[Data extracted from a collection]
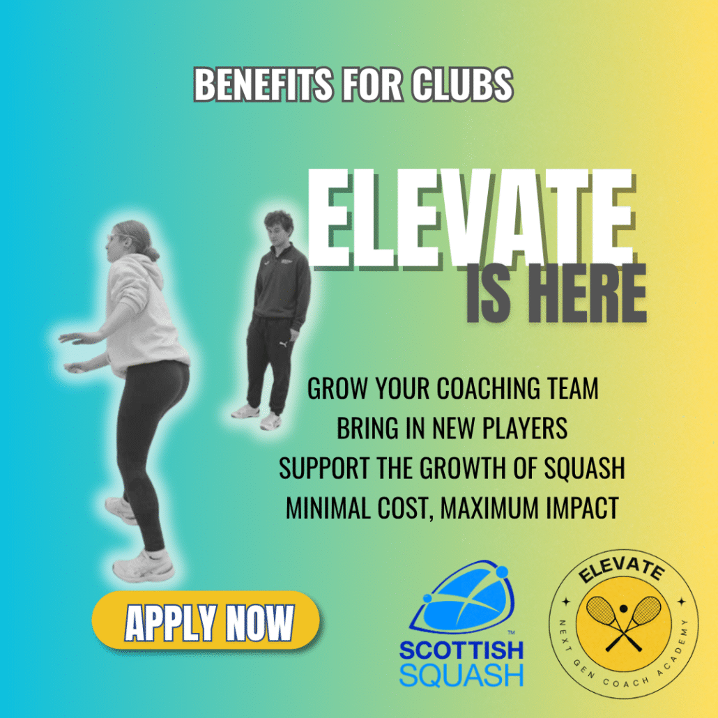 Would your club like to grow its own coach and support the next generation of squash coach in Scotland? ELEVATE is the programme for you.
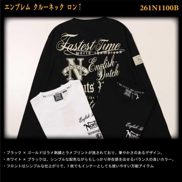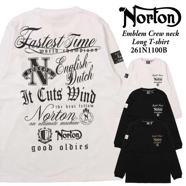 Norton ノートン 服 長袖 Tシャツ カットソー 261n1100B エンブレム クルーネック ロンT ロゴ アメカジ バイカー メンズ 服 プリント
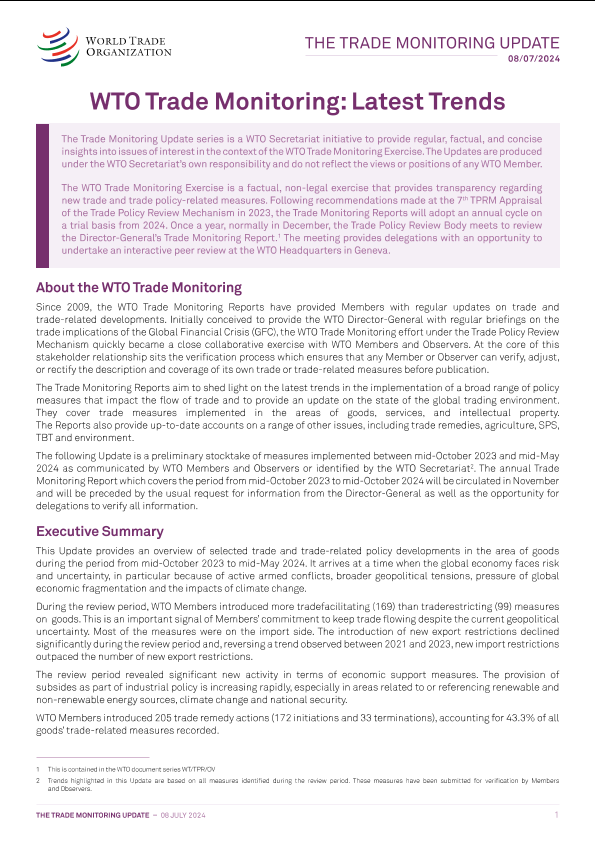 【世界贸易组织(WTO)】【20240708】2024年全球贸易监测快报-8页
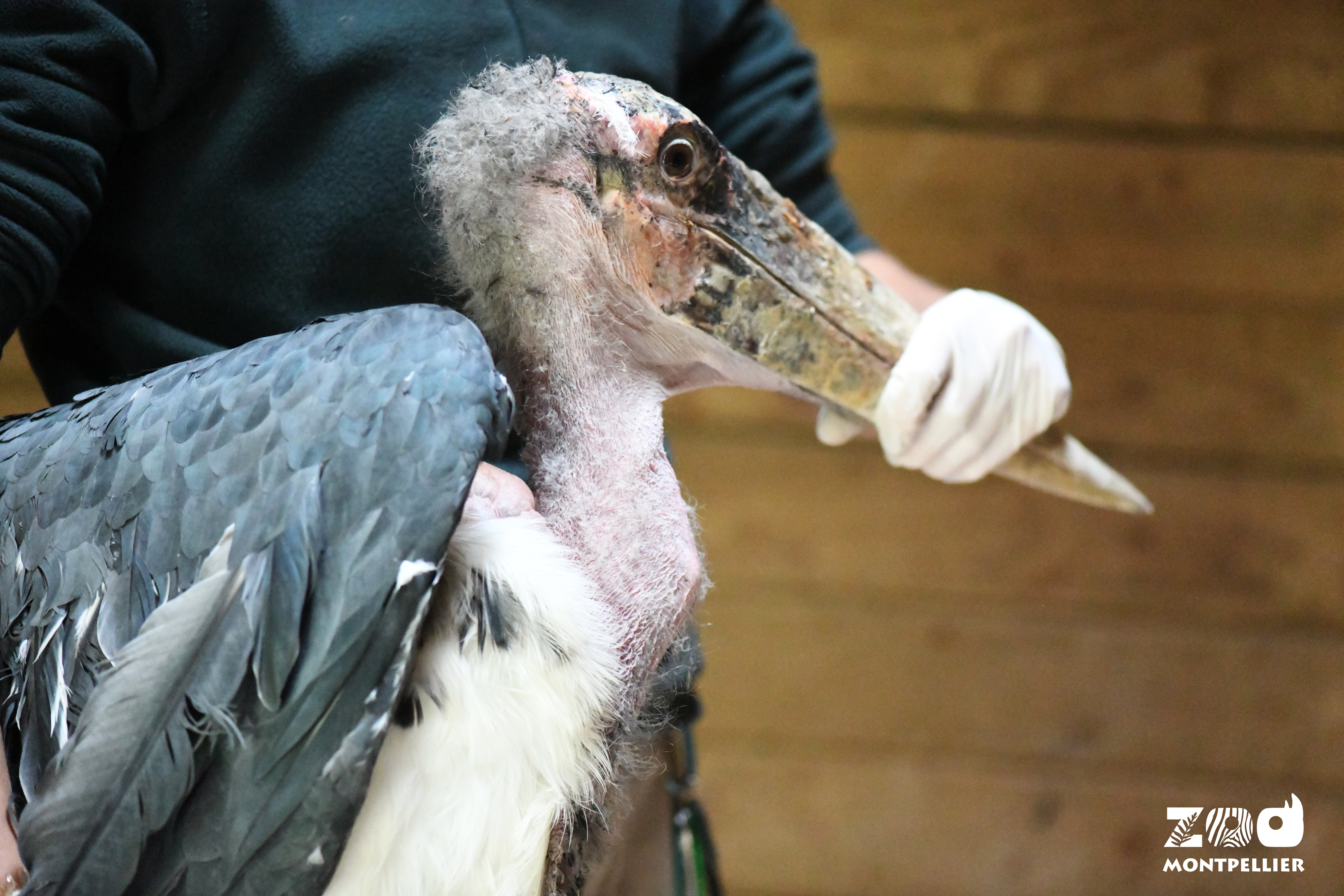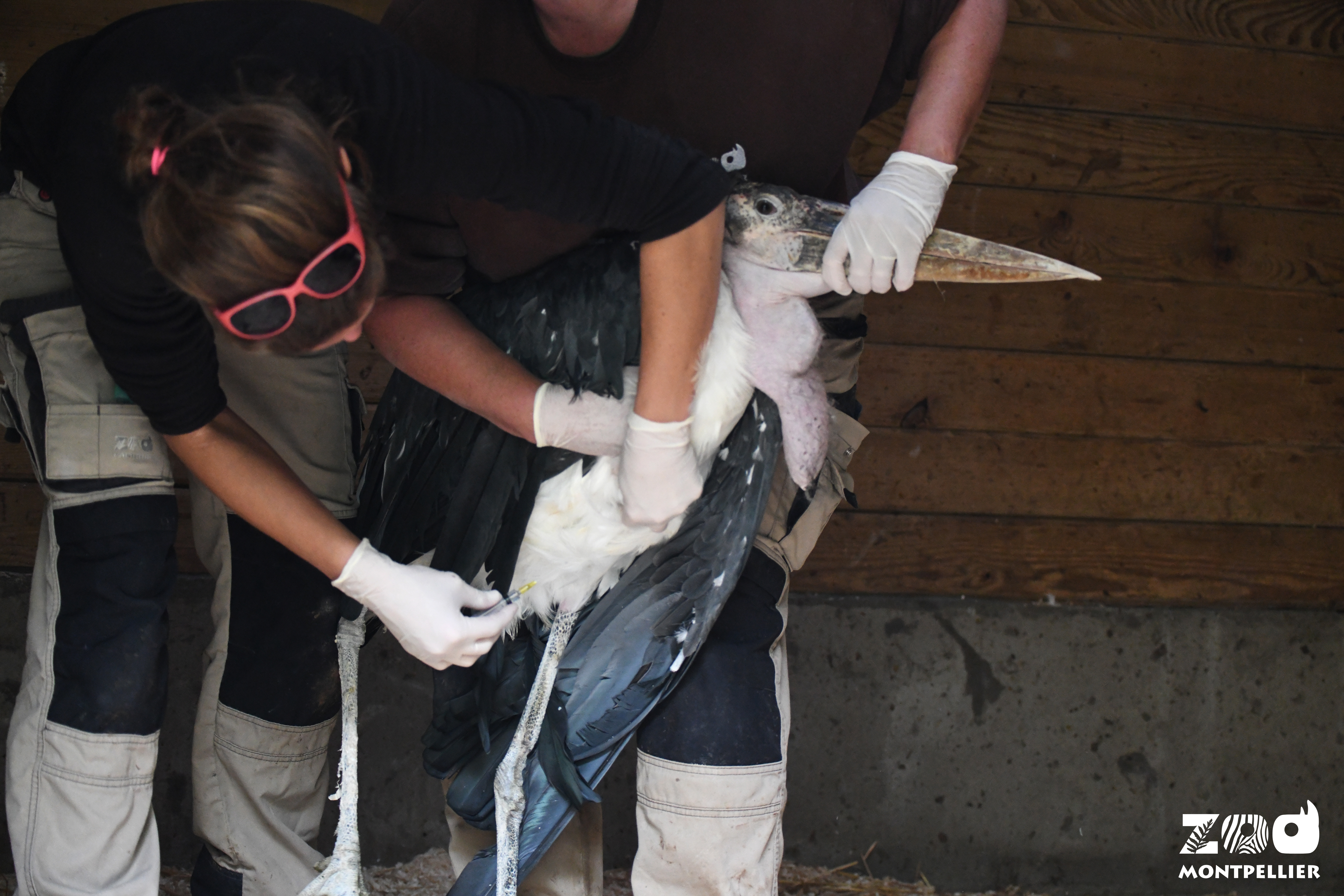 La capture et la contention sont réalisées avec précaution par l'équipe animalière car les pattes et les ailes des oiseaux sont particulièrement fragiles. Le maintien en contention étant également stressant pour les animaux, il faut réaliser les injections et prélèvements rapidement afin de que ce moment désagréable pour l'oiseau dure le moins longtemps possible.
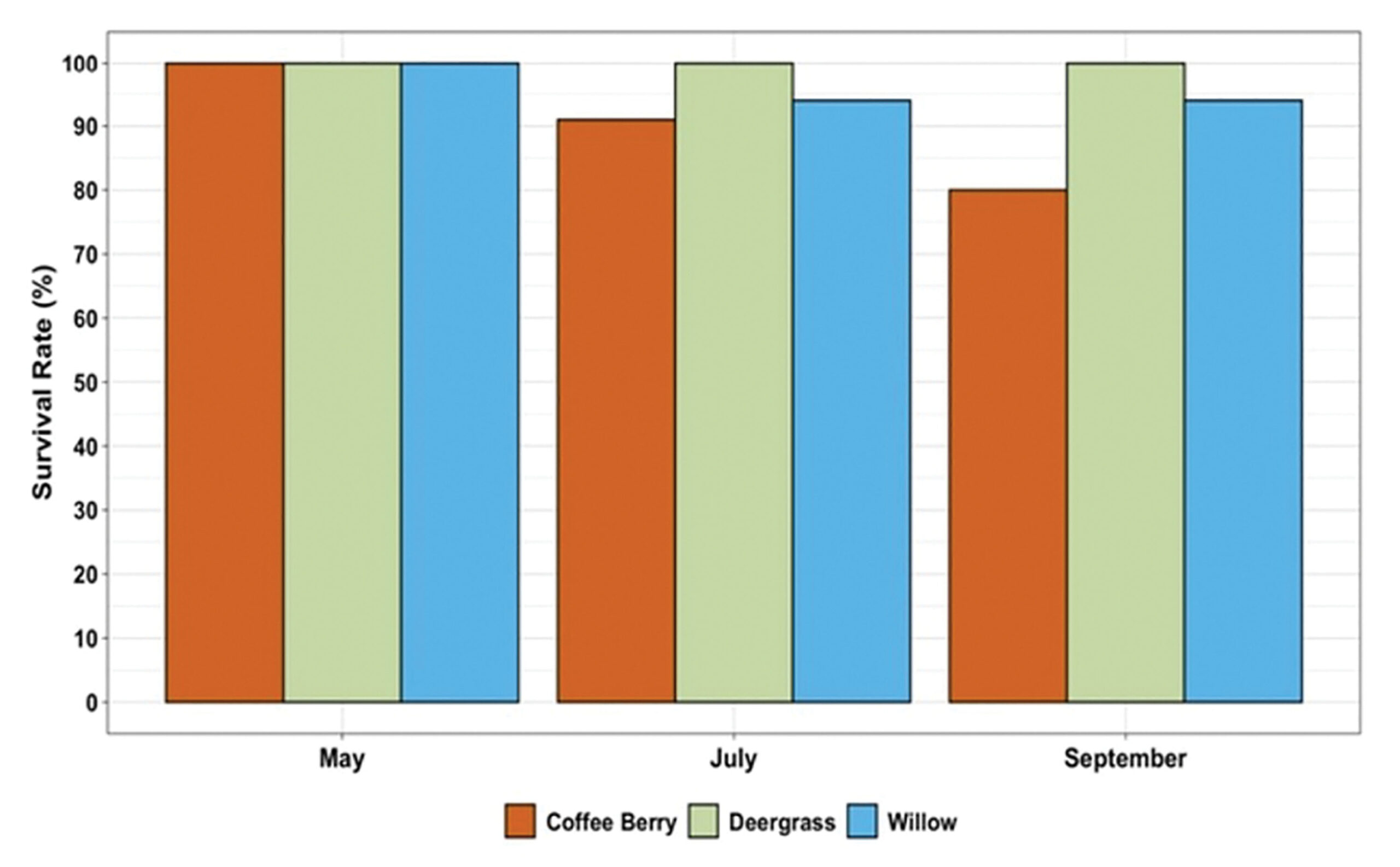 Figure 3: Percent survival of the transplanted coffeeberry, deergrass, and willow at 1 month, 3 months, and 5 months after planting.
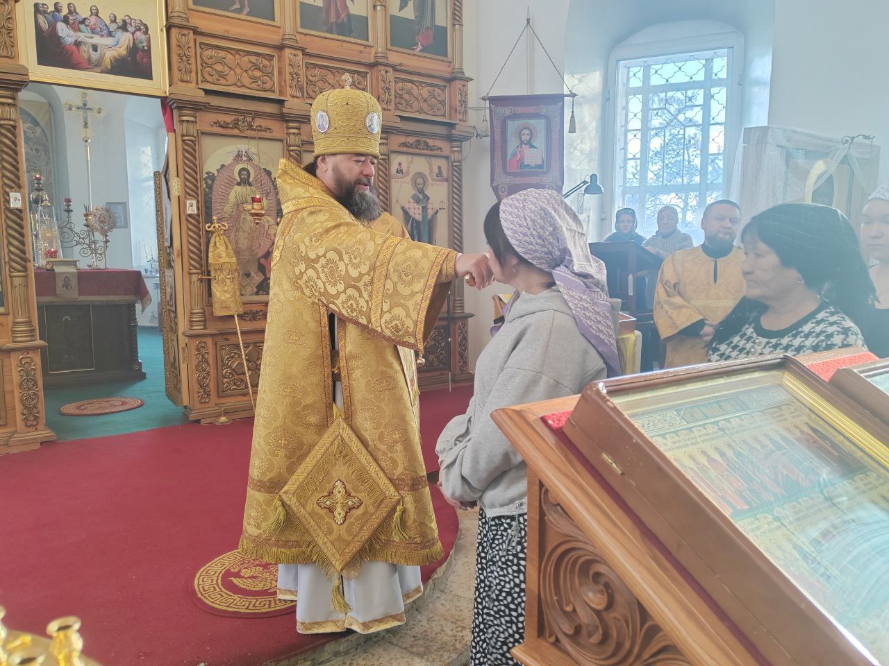 Его Преосвященству сослужил ключарь кафедрального собора Воскресения Христова г. Нерчинска иерей Роман Пичуев.

Task requirements: Transcribe each entry exactly; images stay out.

Your solution:
 Would your club like to grow its own coach and support the next generation of squash coach in Scotland? ELEVATE is the programme for you.
 Norton ノートン 服 長袖 Tシャツ カットソー 261n1100B エンブレム クルーネック ロンT ロゴ アメカジ バイカー メンズ 服 プリント
 【世界贸易组织(WTO)】【20240708】2024年全球贸易监测快报-8页
 La capture et la contention sont réalisées avec précaution par l'équipe animalière car les pattes et les ailes des oiseaux sont particulièrement fragiles. Le maintien en contention étant également stressant pour les animaux, il faut réaliser les injections et prélèvements rapidement afin de que ce moment désagréable pour l'oiseau dure le moins longtemps possible.
 Figure 3: Percent survival of the transplanted coffeeberry, deergrass, and willow at 1 month, 3 months, and 5 months after planting.
 Его Преосвященству сослужил ключарь кафедрального собора Воскресения Христова г. Нерчинска иерей Роман Пичуев.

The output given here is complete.